Indeed, my therapist wanted me to take two pain pills, every four hours. I've never taken that much hydrocodone in my life, but he said it rather sternly. Cliff was here and heard him, so I even have a witness.
My doctor, however, doesn't want me to do that. She wants me to take the pills "as needed". Whenever I feel I need them, in other words. Well, I like that plan better anyhow!
When the therapist came today, I didn't tell him about my conversation with the doctor. What he doesn't know won't hurt him.
Oh, here's a most wonderful thing: I've been doing three sets of all my exercises; today I found out there's only one of them that I have to repeat three times, on the five sessions per day I do my therapy. I'm ecstatic! Therapy just became easy.

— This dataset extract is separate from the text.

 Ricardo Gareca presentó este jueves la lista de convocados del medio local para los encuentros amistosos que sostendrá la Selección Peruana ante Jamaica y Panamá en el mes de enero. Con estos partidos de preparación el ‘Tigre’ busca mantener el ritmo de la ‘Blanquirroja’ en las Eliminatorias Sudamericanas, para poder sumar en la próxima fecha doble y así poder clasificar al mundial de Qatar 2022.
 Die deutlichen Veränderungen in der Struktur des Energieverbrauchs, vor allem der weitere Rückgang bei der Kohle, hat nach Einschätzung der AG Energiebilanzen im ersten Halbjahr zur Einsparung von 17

The guy said I'm ahead of 90% of people who are doing this therapy after knee surgery, but that doesn't surprise me. One must remember that lots of people having knee surgery are considerably older than I am.

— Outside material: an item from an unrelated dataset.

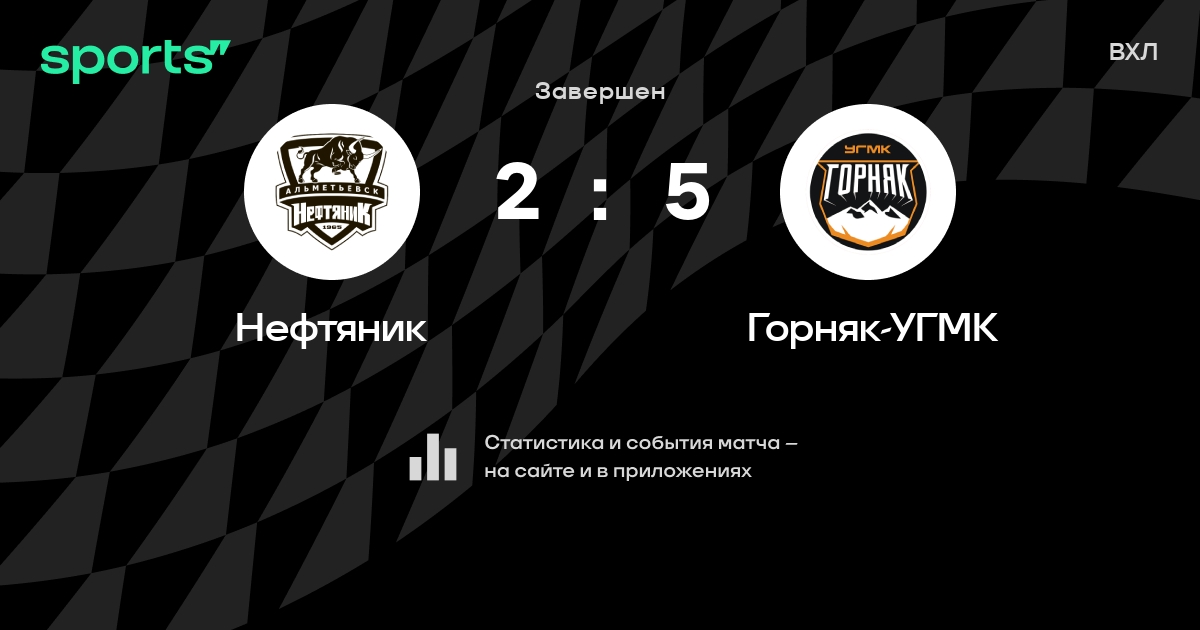 В прошедшем матче в рамках турнира ВХЛ состоялась встреча команд Нефтяник - Горняк-УГМК со счетом 2 : 5.

We had tornado warnings today in our little town and all surrounding areas. I take warnings more seriously than I used to, in light of the events at Joplin. So we had just started eating our dinner... mashed potatoes, gravy, roast, and green beans... when the sky got dark and the town sirens started sounding.

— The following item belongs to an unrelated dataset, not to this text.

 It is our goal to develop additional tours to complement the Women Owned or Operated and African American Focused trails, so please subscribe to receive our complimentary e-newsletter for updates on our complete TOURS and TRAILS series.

"Cliff," I said, "I want to go somewhere safe."
We live in a trailer house, remember.
Cliff started cramming roast in his mouth faster than the speed of light, murmured a curse word or two, and we headed for the car. We only went next door to the basement of our old house, but it was pouring down rain, so we got soaked anyhow... car or no car.
Iris has disappeared. I failed to get her inside before all the noise of the storm, and she probably ran fifty miles away trying to escape. I love her, but I've lost enough dogs in the last few years that I'm starting to get numb to loss. I hope she comes back. If she doesn't, though, I'll get a dog, maybe a puppy, that doesn't shed. I know, that seems cold-hearted, but it's my state of mind these days.
I've done everything I know to keep the silly dog safe; my conscience is clear. I'm used to losing a dog about every eighteen months or so. Bring on the loss.